◆ Task objective: Return the following from the records below: each line, word for word, starting with the line that contains "Très jolie blouse" and going on through the line that contains "Худи с връзка и джоб кенгуру - Мандарина/Бял", with nothing outside that range.
::: Source data
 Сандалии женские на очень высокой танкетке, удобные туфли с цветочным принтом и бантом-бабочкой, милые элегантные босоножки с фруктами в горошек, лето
::::::
::: Source data
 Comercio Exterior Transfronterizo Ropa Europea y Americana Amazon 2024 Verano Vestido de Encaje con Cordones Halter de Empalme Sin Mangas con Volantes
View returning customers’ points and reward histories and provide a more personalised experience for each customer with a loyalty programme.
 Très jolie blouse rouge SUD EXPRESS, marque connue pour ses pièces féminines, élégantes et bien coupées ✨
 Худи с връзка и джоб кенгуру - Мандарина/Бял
::::::
◆ Your response:
 Très jolie blouse rouge SUD EXPRESS, marque connue pour ses pièces féminines, élégantes et bien coupées ✨
 Худи с връзка и джоб кенгуру - Мандарина/Бял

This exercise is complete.